Copy out the data that comes next, character for character, and leave the images aside.

* [Collected data]
============

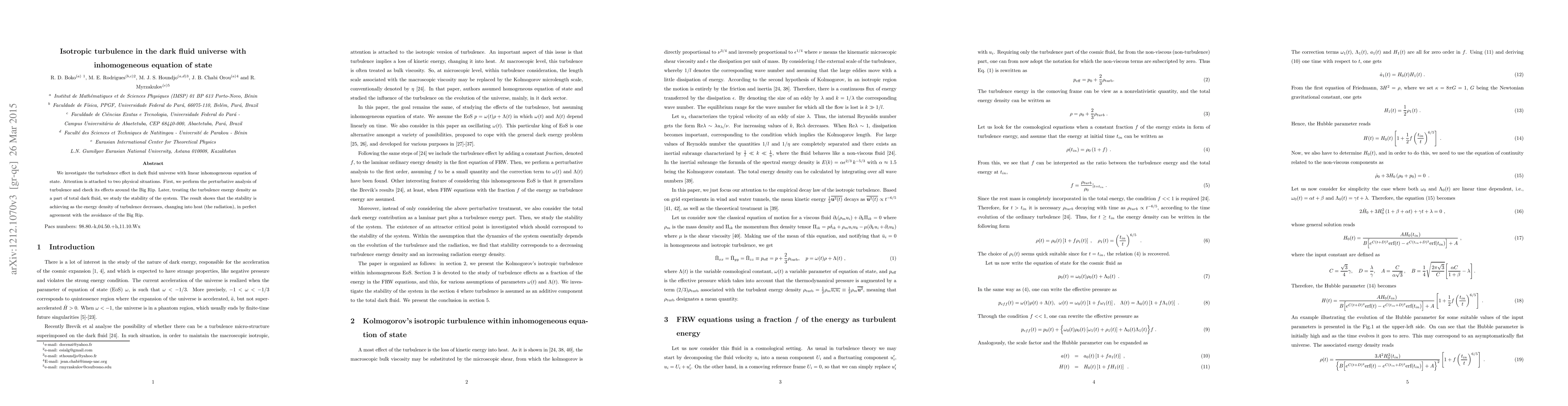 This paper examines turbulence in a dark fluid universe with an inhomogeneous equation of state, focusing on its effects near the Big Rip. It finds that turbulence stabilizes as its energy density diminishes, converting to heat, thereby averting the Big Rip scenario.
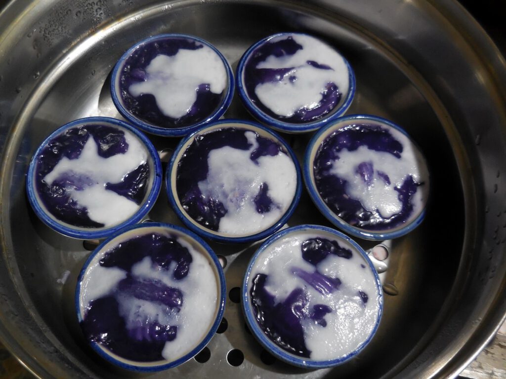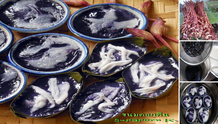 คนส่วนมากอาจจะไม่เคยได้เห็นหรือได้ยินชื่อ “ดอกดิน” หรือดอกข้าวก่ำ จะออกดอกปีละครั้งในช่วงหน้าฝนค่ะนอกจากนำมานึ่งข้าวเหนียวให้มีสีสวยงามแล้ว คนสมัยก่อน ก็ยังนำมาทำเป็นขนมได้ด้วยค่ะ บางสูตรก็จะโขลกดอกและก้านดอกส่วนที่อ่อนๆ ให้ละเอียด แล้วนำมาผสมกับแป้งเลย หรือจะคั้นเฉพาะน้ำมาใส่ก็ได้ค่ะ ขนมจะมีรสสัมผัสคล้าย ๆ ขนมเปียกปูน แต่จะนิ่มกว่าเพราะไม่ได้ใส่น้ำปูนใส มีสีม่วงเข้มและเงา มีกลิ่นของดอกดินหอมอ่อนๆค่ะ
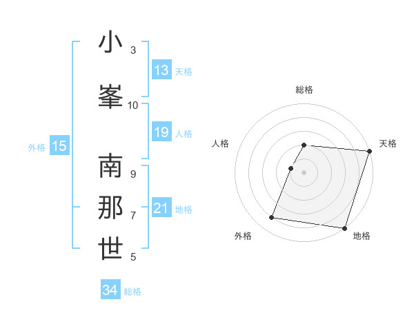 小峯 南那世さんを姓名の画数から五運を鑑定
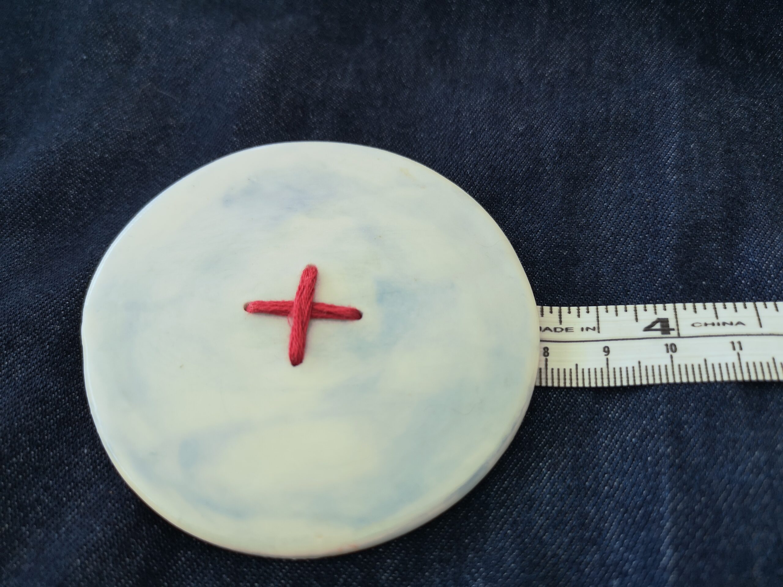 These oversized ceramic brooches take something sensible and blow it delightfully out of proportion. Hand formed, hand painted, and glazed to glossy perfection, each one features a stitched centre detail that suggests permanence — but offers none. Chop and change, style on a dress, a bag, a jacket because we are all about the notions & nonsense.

============

* [Exercise answer]
 This paper examines turbulence in a dark fluid universe with an inhomogeneous equation of state, focusing on its effects near the Big Rip. It finds that turbulence stabilizes as its energy density diminishes, converting to heat, thereby averting the Big Rip scenario.
 คนส่วนมากอาจจะไม่เคยได้เห็นหรือได้ยินชื่อ “ดอกดิน” หรือดอกข้าวก่ำ จะออกดอกปีละครั้งในช่วงหน้าฝนค่ะนอกจากนำมานึ่งข้าวเหนียวให้มีสีสวยงามแล้ว คนสมัยก่อน ก็ยังนำมาทำเป็นขนมได้ด้วยค่ะ บางสูตรก็จะโขลกดอกและก้านดอกส่วนที่อ่อนๆ ให้ละเอียด แล้วนำมาผสมกับแป้งเลย หรือจะคั้นเฉพาะน้ำมาใส่ก็ได้ค่ะ ขนมจะมีรสสัมผัสคล้าย ๆ ขนมเปียกปูน แต่จะนิ่มกว่าเพราะไม่ได้ใส่น้ำปูนใส มีสีม่วงเข้มและเงา มีกลิ่นของดอกดินหอมอ่อนๆค่ะ
 小峯 南那世さんを姓名の画数から五運を鑑定
 These oversized ceramic brooches take something sensible and blow it delightfully out of proportion. Hand formed, hand painted, and glazed to glossy perfection, each one features a stitched centre detail that suggests permanence — but offers none. Chop and change, style on a dress, a bag, a jacket because we are all about the notions & nonsense.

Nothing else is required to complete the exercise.